- DVD cover
- Genre: Crime Comedy
- Written by: Andrew Peter Marin
- Directed by: Dan Curtis
- Starring: Lee J. Cobb Gig Young Matt Clark Grayson Hall
- Music by: Bob Cobert
- Country of origin: United States
- Original language: English

Production
- Producer: Dan Curtis
- Production locations: Universal Studios - 100 Universal City Plaza, Universal City, California
- Cinematography: Paul Lohmann
- Editor: Richard A. Harris
- Running time: 74 min.
- Production companies: ABC Circle Films Dan Curtis Productions

Original release
- Network: ABC
- Release: November 6, 1974

= The Great Ice Rip-Off =

The Great Ice Rip-Off is a 1974 American made-for-television crime comedy film directed by Dan Curtis.

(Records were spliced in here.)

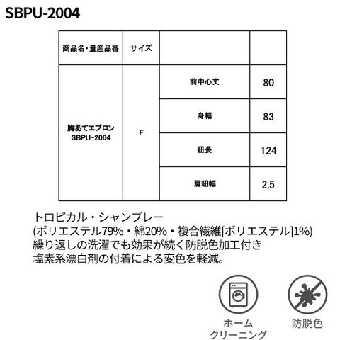 | 接客を意識したデザイン性の高い胸当てエプロン、防脱色加工を施したHACCP支援アイテムです。胸当て部分、お腹、左後ろにポケット付き、お腹のポケットはポーチなどのベルトを通せるトンネルポケットになっています。肩ひもは黒の杉綾テープ(アクリル素材)を使い、後ろでクロスするタイプ。首への負担がなく、クロスする部分には、ずれ防止のテープが付いています。幅広いシーンで着用していただけます。 |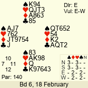 | 3 NT | W | +2 | -460 | 5 | 01 - 02 | 6 | 1 |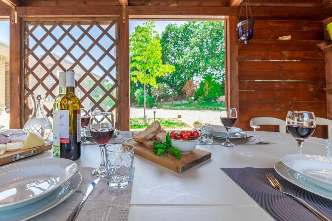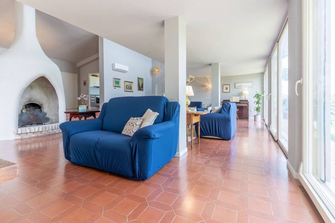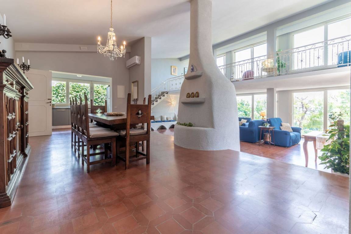 offener Raum: fünf Sofas, Kamin, Esstisch (Personen: 10), WiFi Internet, Klimaanlage, TV, Fliegengitter, Kühlschrank, Tiefkühler, Spülmaschine, gut ausgestattete Küche, Mikrowelle, Ofen, Italienische Kaffeemaschine, Ausgang auf den Garten, Galerie.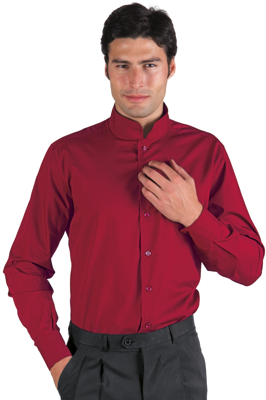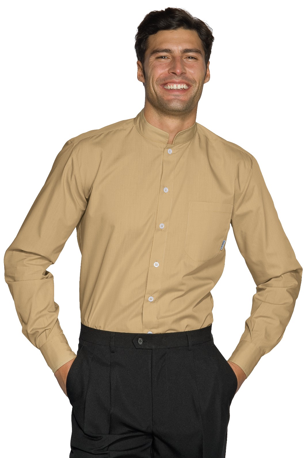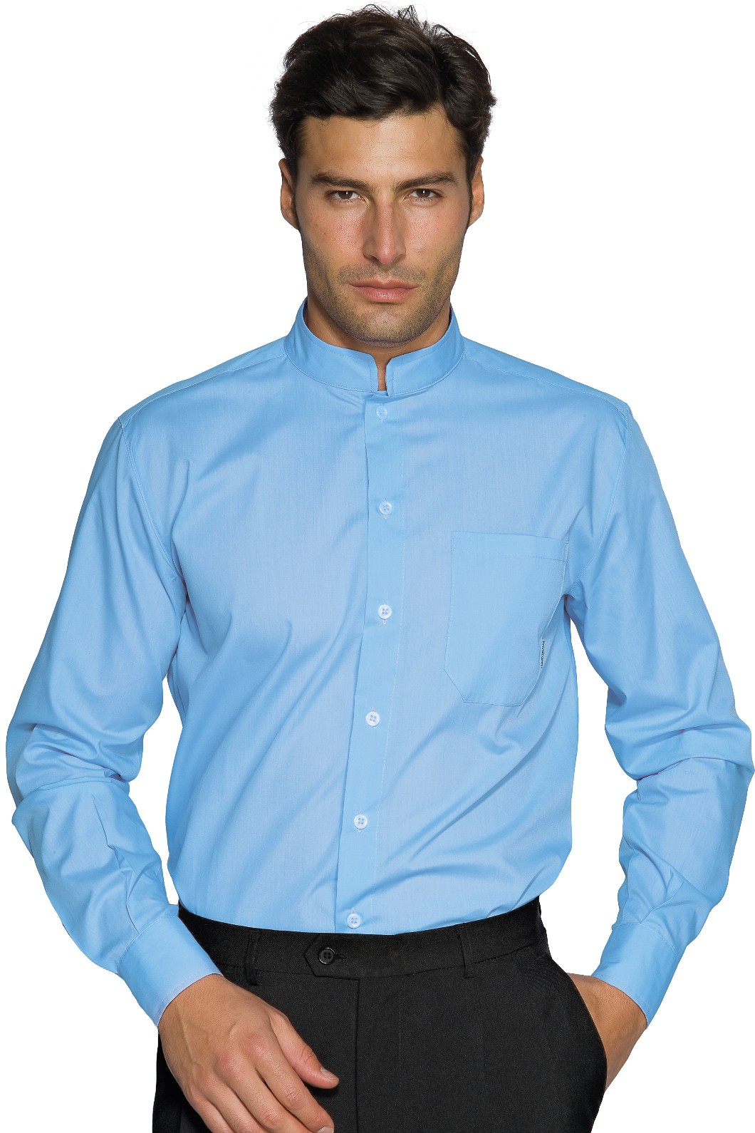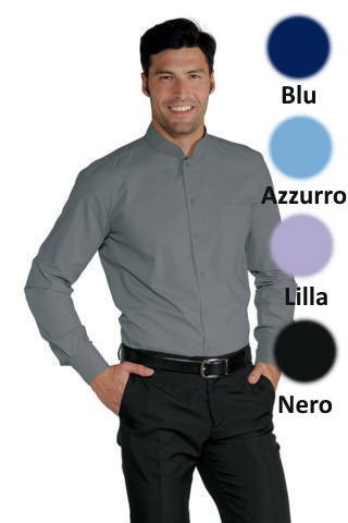Camicia con il collo alla coreana per uomo e donna hotel stuart hostess a manica lunga disponibile nei colori Bianco, Nero, Blu, Bordeaux, Vermiglio, Azzurro, Grigio, Biscotto beige, Cacao, Lilla. Ottima divisa per hotel, alberghi, conciergierie, hostess, stuarts. Brand Isacco Art. Camicia unisex Dublino M/L.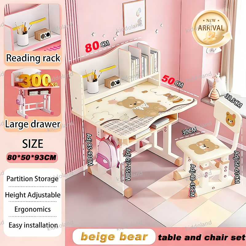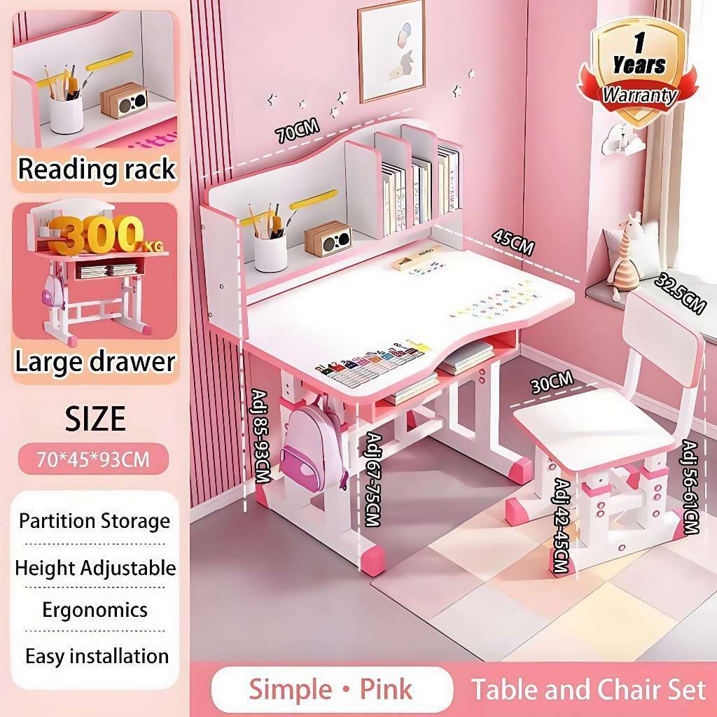 Study Table for Kids Ergonomic Adjustable Desk and Chair Set Writing Desk with Drawers 3-15 years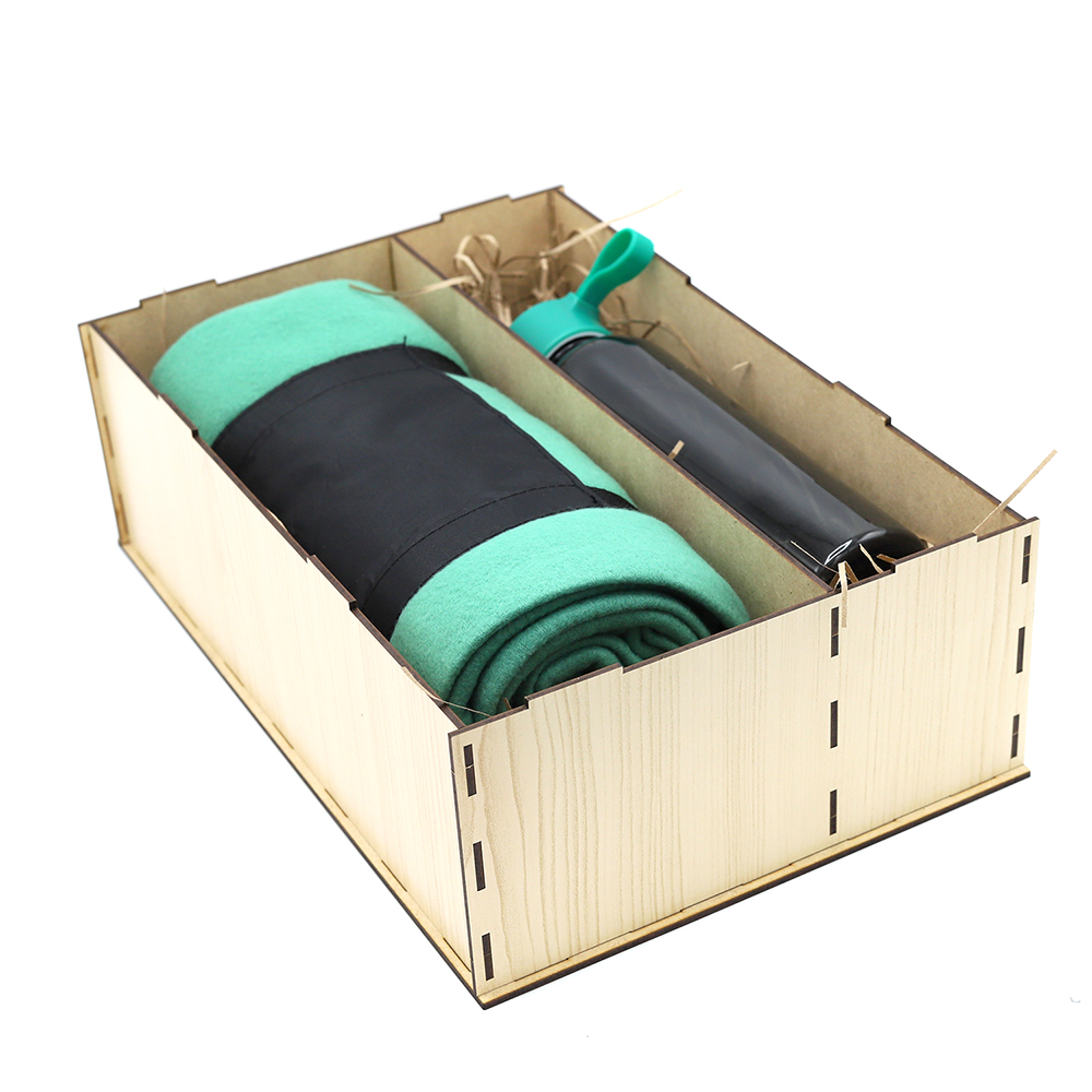 Очень изящный подарочный набор, гармонично сочетающий в себе традиции и современные тенденции! Упаковка из древесноволокнистной плиты высокой плотности (ХДФ/HDF) обеспечивает удобство погрузки и разгрузки, сохранность в пути. Состав набора: Упаковка из древесноволокнистной плиты (2 отделения) (Артикул: 53054) - 1 шт. Пластиковая бутылка Rama - 1 шт. (Артикул: 14014.04) Плед Арго- 1 шт. (Артикул: 16000.04) Наполнитель - стружка бумажная, бежевый – 1 шт. (Артикул: 62000.13)- Виды нанесений: Гравировка CO2-А1, УФ-печать, Круговая УФ-печать, Термотрансфер DTF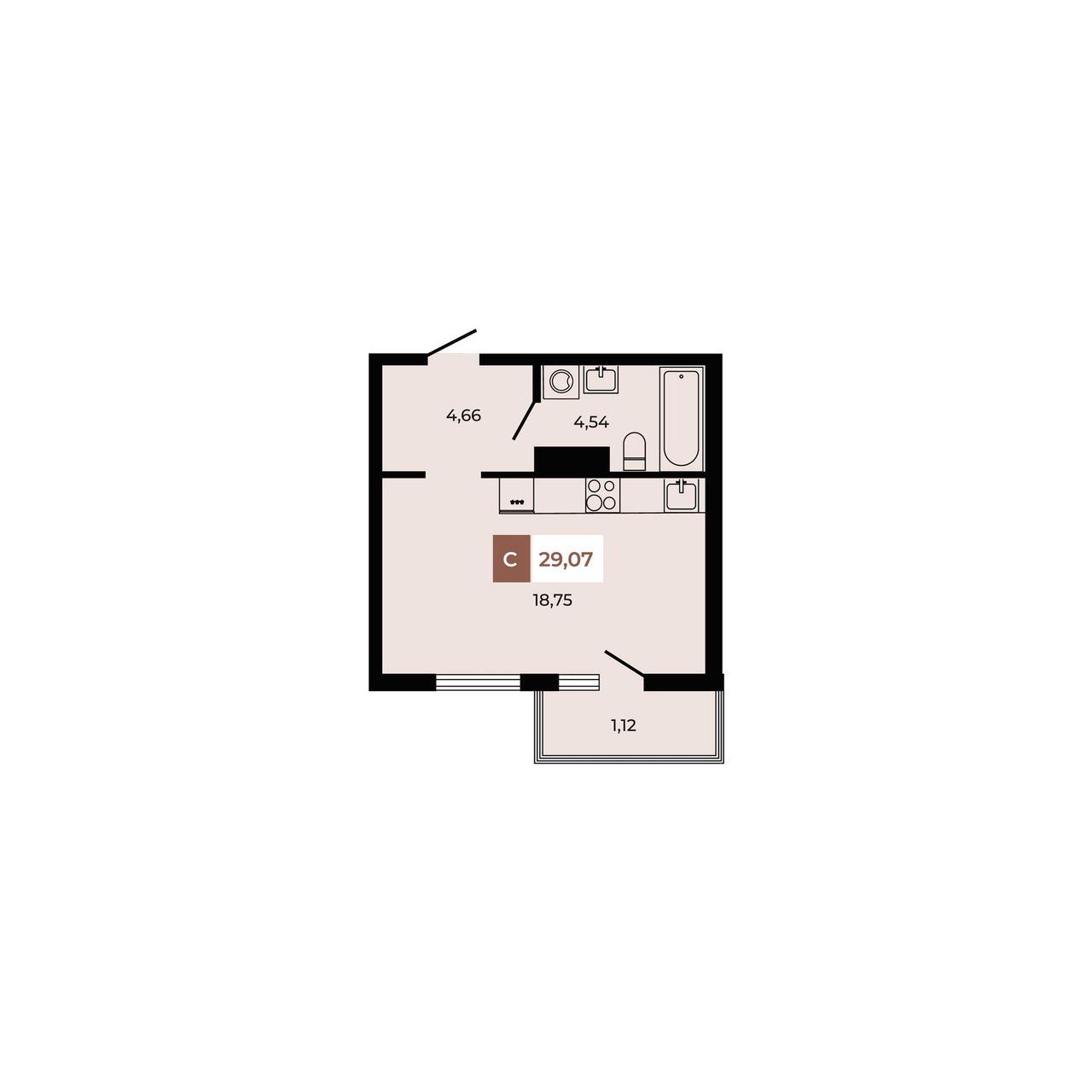 Общая площадь29,07 м²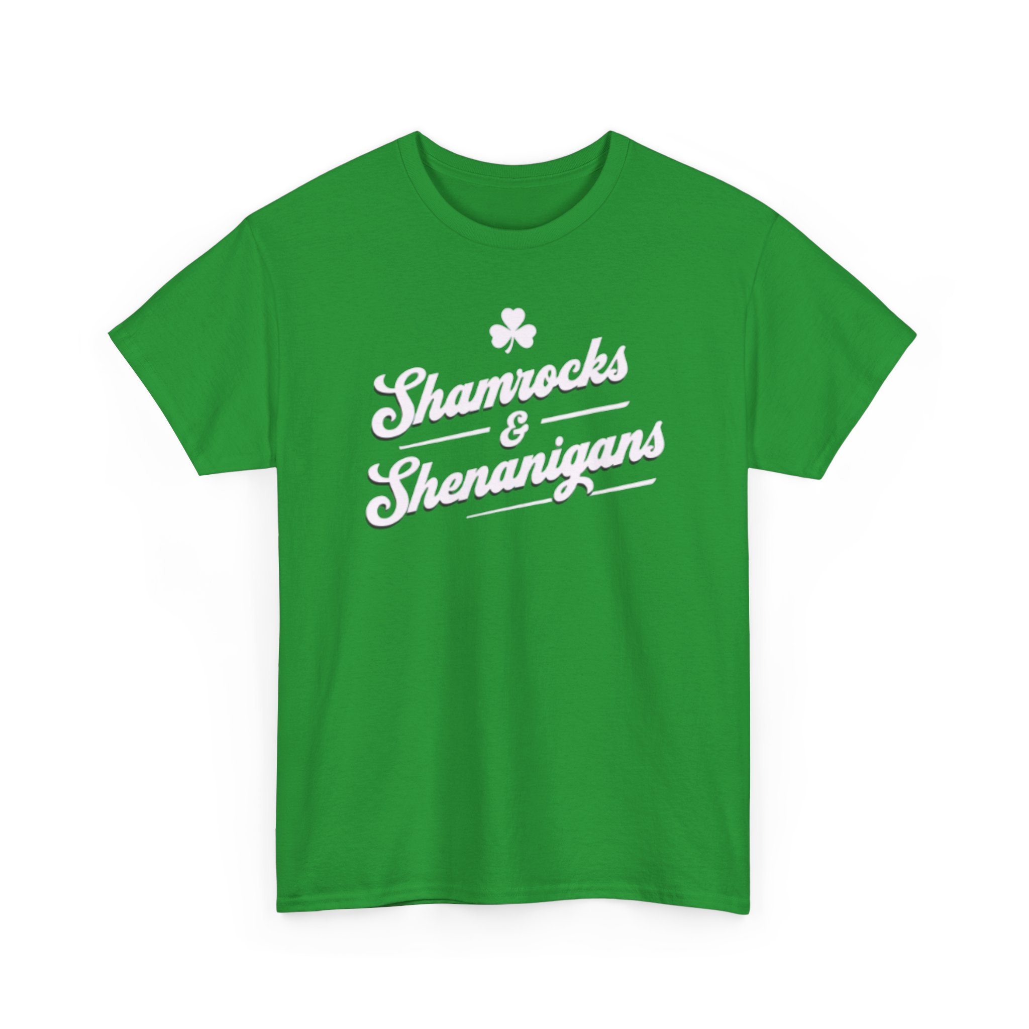 Celebrate St. Patrick’s Day with this Shamrocks and Shenanigans t-shirt, perfect for group bar crawls and festive gatherings. This unisex heavy cotton tee offers a classic fit and crew neckline for year-round comfort and a neat, timeless look.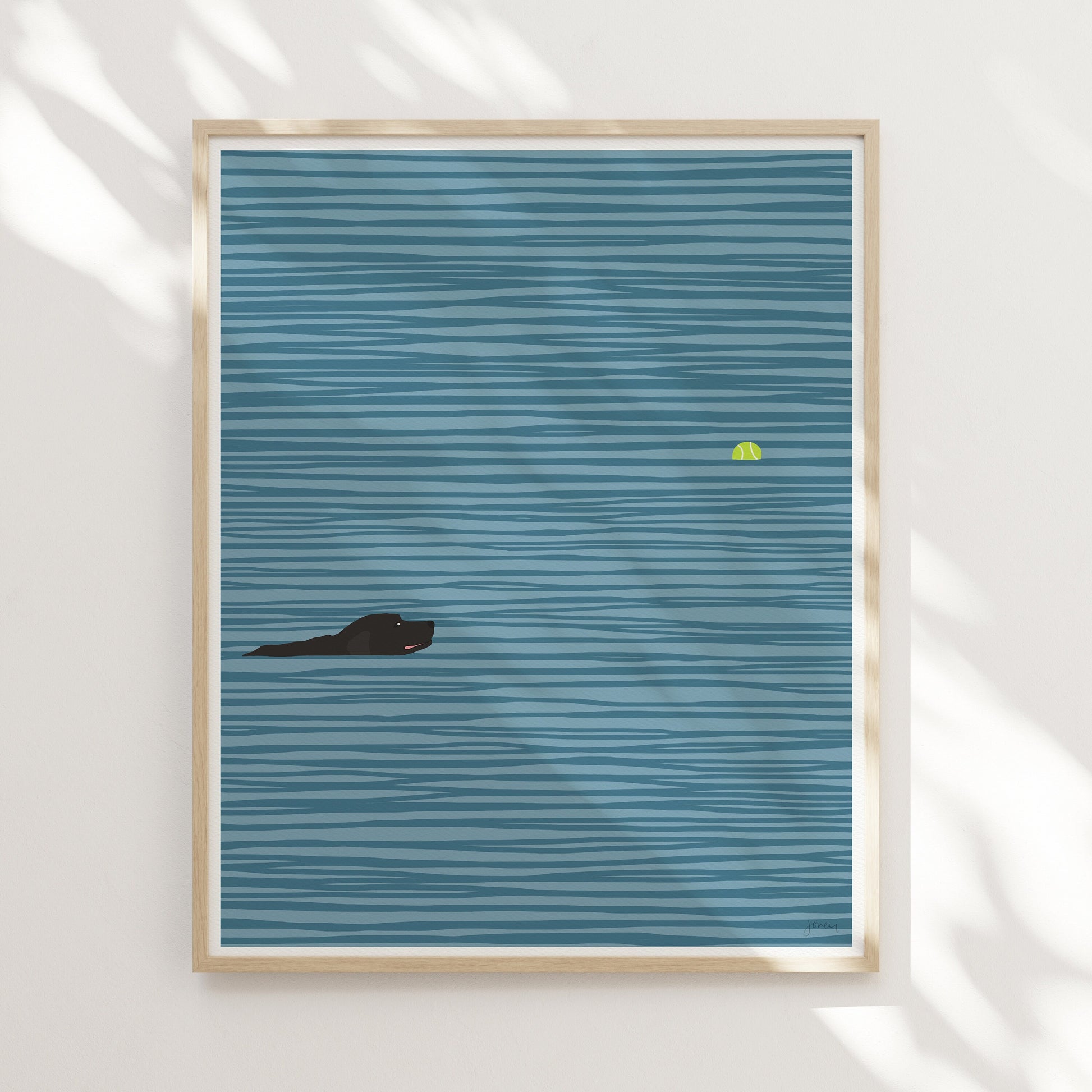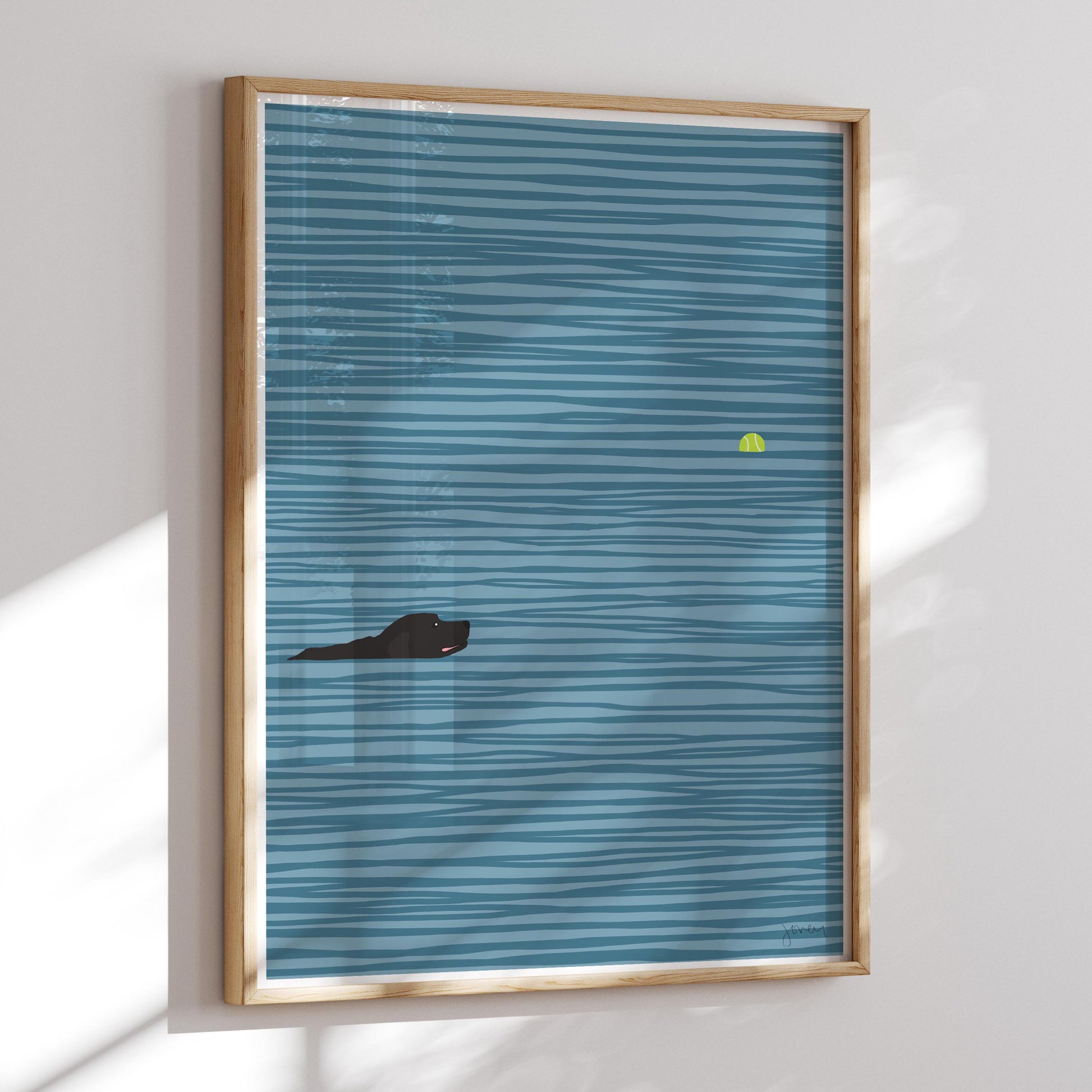 Celebrate the love for Labradors with our "Black Labrador Swimming after a Tennis Ball" art print, a heartwarming addition to any wall.

It premiered on ABC as the ABC Movie of the Week on November 6, 1974.

==Synopsis==
The Great Ice Rip-Off a comedic heist film about a group of diamond thieves who use a bus headed from Seattle to San Diego for their getaway.

==Primary cast==
- Lee J. Cobb as Willy Calso
- Gig Young as Harkey Rollins
- Matt Clark as Georgie
- Grayson Hall as Helen Calso
- Robert Walden as Checker
- Geoffrey Lewis as Archie
- Hank Garrett as Sam

==Production==
The working title for the film was A Break in the Ice.

==Critical response==
Variety reviewed the film as having "enough sharp corners to keep viewers alert, and Curtis' eye for human foibles manages to get laughs. Curtis picks up credit for being able to derive amusement from a caper film after the onslaught of the genre in recent years."